I never use that particular Vitts that you have but I've used others and their sidewalls are actually better and stronger then Contis models I've used. I've had problems with Conti sidewalls but not the Vitts. Most road tires do not put a lot of protection in the sidewalls especially racing tires that will have no protection. If your riding racing tires on the street like that Vitt then you were asking for trouble...and trouble you got, the age of the tires had nothing to do with your issues unless you noticed sidewall cracks prior to installing then you should have returned them without using them. The Mich Endurance tire is a far better tire for the street, but the two aren't even the same, the Mich took their flat protection and extended it all the way to the bead making the sidewall stronger, and it's not really designed for all out racing.


----------



## dracula (Mar 9, 2010)

froze said:


> I never use that particular Vitts that you have but I've used others and their sidewalls are actually better and stronger then Contis models I've used.

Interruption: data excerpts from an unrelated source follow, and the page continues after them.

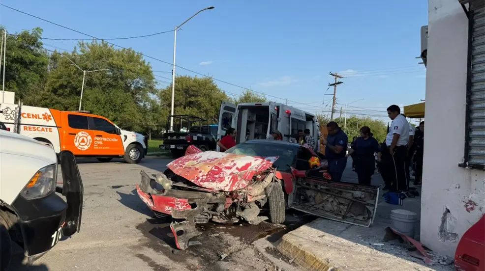 Los elementos de Protección Civil Nuevo León confirmaron que el accidente se debió al impacto de un automóvil contra una vivienda en el cruce de Matancillas y Candelaria.
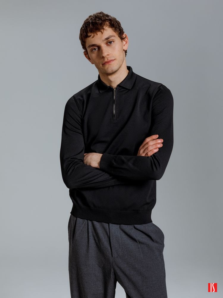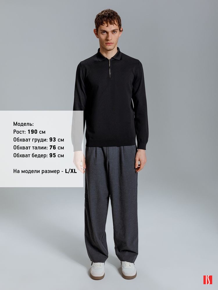 Мужская рубашка поло с длинным рукавом прямого силуэта.
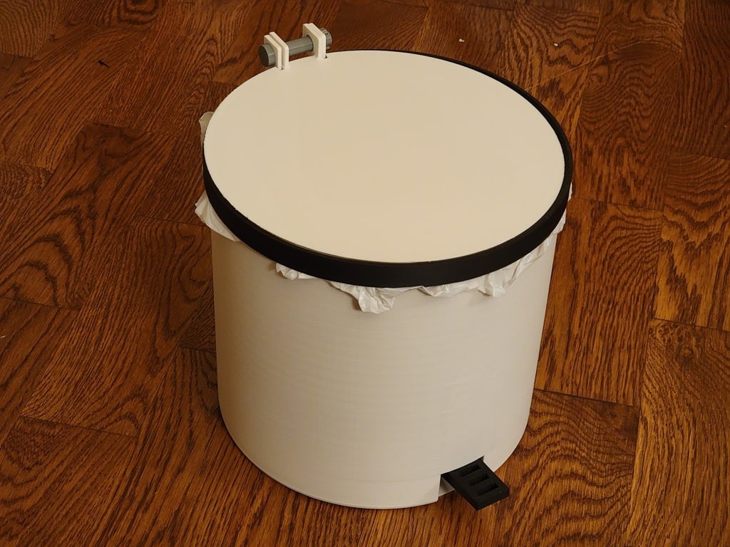 Esta es una papelera imprimible accionada por pedal. La capacidad es de aproximadamente 7,5 litros / 2 galones.
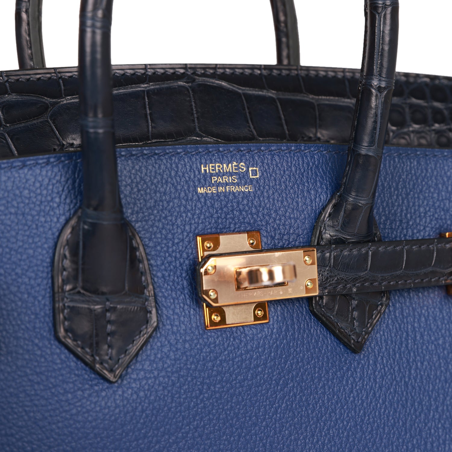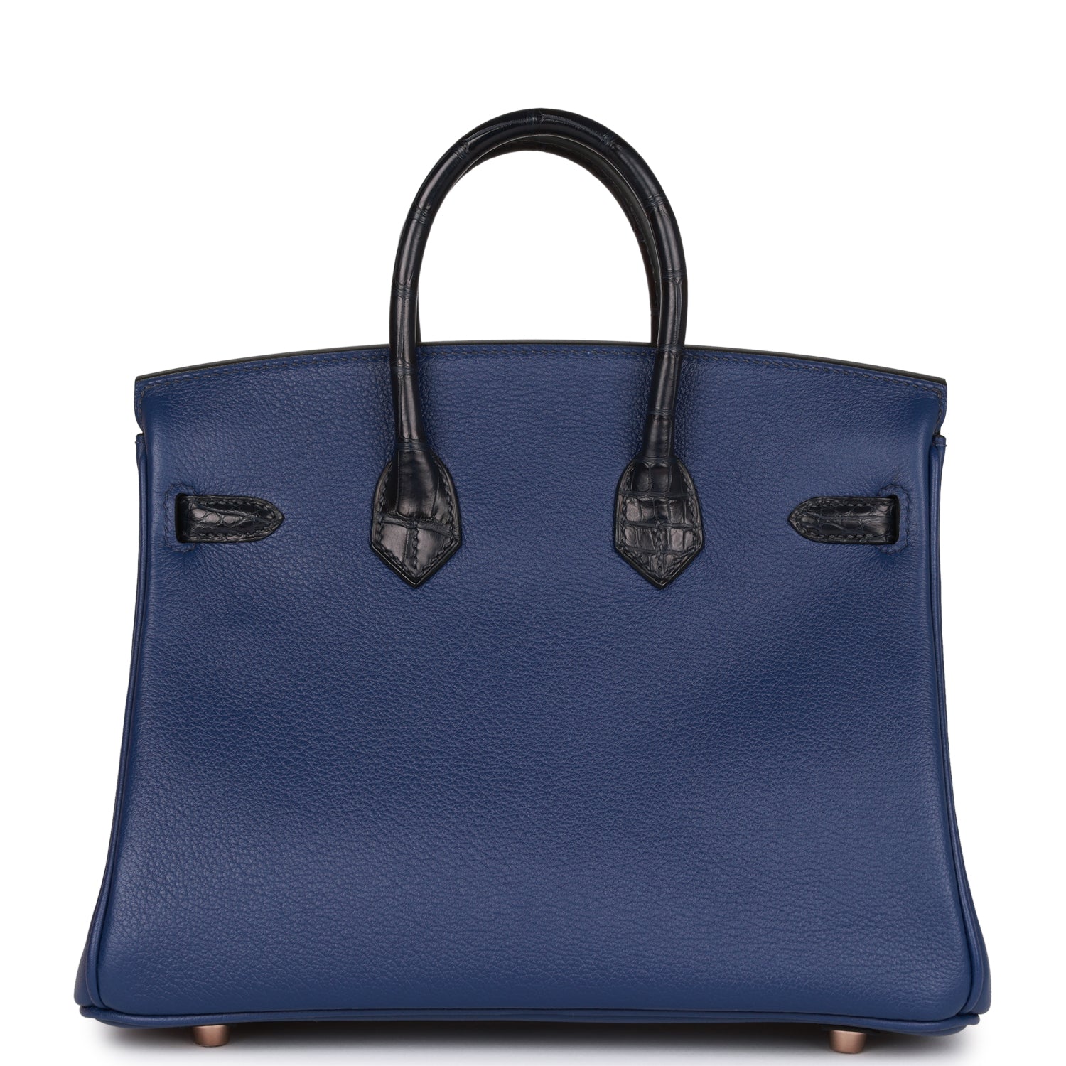 This Birkin is in Bleu Saphir matte Mississippienis alligator and Bleu Marine togo leather with rose gold hardware and has tonal stitching, front strap, two straps with center toggle closure, clochette with lock and two keys and double rolled handles.
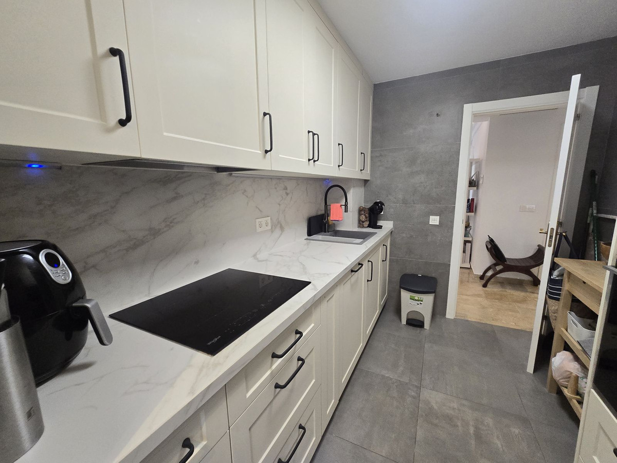 Underbart möblerad lägenhet med 2 sovrum och 2 badrum i det eftertraktade området Calahonda, Mijas. Helrenoverad och med vacker havsutsikt har denna fastighet en stor terrass i söderläge med glasgardiner, vilket gör att du kan njuta av utomhusutrymmet året runt.
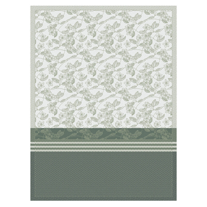 Le Jacquard Francais' Essentiel Gravure tea towel has a sweet floral flair yet with its border it can be on the contemporary side too. The tea towel has a woven label to hang it easily in your kitchen. 100% long staple combed cotton. Available in three colors. France.
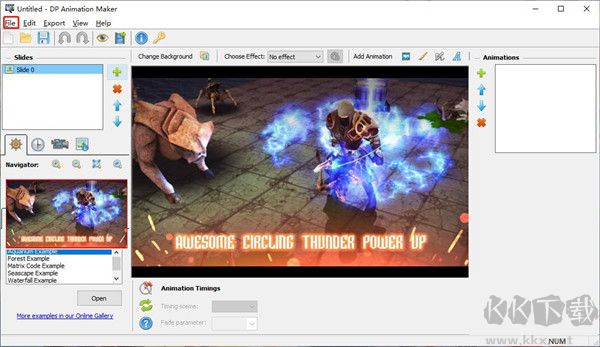 DP Animation Maker(GIF動畫制作工具)是一款好用的動畫制作工具,擁有友好美觀的操作界面。它支持用戶創(chuàng)建動畫背景、網頁用動畫GIF文件及EXE綠色單文件,還提供眾多動畫特效,能滿足多樣的動畫創(chuàng)作需求。可以把精致圖片轉換成實時移動場景的畫面,只需要少量操作,就能從精美圖片中制作出動態(tài)GIF。它能快速生成專屬GIF動圖,配備獨一無二的工具,涵蓋豐富動畫效果,幫助把圖片打造成專業(yè)的視覺視頻效果,還能為圖片添加各類心儀的動畫特效,功能十分強大。需要的朋友快來下載試試吧!
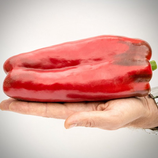Гибрид среднеспелый. От высадки рассады до созревания плодов 75-80 дней, растение мощное, хорошо облиственное, высотой до 140 см. Плоды крупные, призмовидной формы, в биологической спелости ярко красного цвета, длиной 18 см, средний диаметр 10 см, массой свыше 200 г, с толщиной стенки около 8 мм.
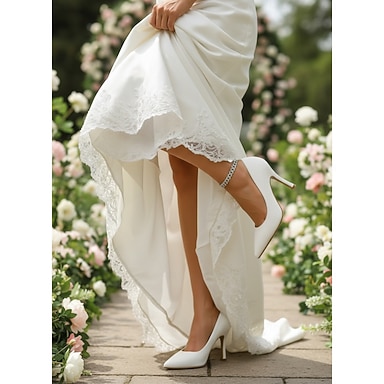 Zapatos de boda blancos de tacón alto y punta puntiaguda para mujer: elegantes zapatos de novia para bodas en el jardín.
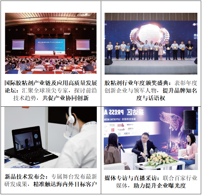 自展会创办以来,始终以专业、权威的办展理念,吸引了全球胶粘剂及化工原料领域的龙头企业与优质品牌持续参展,形成强大的品牌集聚效应,成为行业内极具影响力的专业盛会。
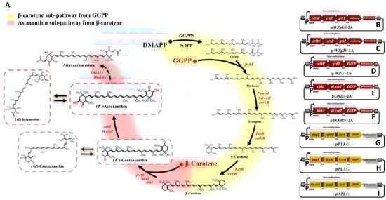 The nucleotide sequences of all artificially synthesized genes mentioned in this study can be found in the GenBank data libraries (https://www.ncbi.nlm.nih.gov/genbank/, accessed on 15 April 2023) under accession numbers: MT360309 (crtW), MT360311 (crtZ), OR402794 (bkt3), OR402795 (H-crtZ), OR402796 (cbkI), OR402797 (DGTT1), OR402798 (DGTT2), OR402799 (psy1), OR402800 (lcyb), OR402801 (Pa-crtI), OR402802 (Xd-crtI), and OR402803 (crtYB).
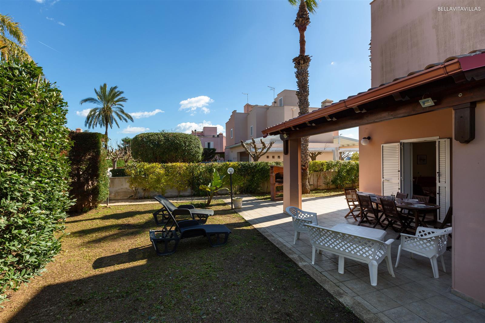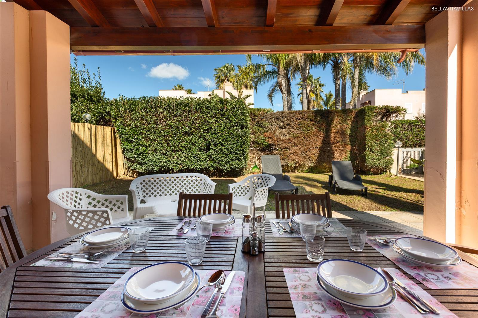 Villa Micelli is a small villa with lush garden, located in a residential complex of townhouses, quiet and guarded both at night and during the day.

I've had problems with Conti sidewalls but not the Vitts. Most road tires do not put a lot of protection in the sidewalls especially racing tires that will have no protection. If your riding racing tires on the street like that Vitt then you were asking for trouble...and trouble you got, the age of the tires had nothing to do with your issues unless you noticed sidewall cracks prior to installing then you should have returned them without using them. The Mich Endurance tire is a far better tire for the street, but the two aren't even the same, the Mich took their flat protection and extended it all the way to the bead making the sidewall stronger, and it's not really designed for all out racing.


I would really like it to try some newer Contis but some years back I had a tyre blow-out on a Conti (after a long descent in the rain in the Alps). It is probably just a mental thing but a Conti would make me nervous.

I think I am quite biased in favour of Michelins because reports of sidewall cuts and tyre blow-outs are seldom reported. However, Google is full of Conti and Schwalbe tyre blow-out reports.

I am not racing but would think a tyre blow-out in a race will not make me win the race. So I do not get the point why a thin sidewall is something desireable in a race. 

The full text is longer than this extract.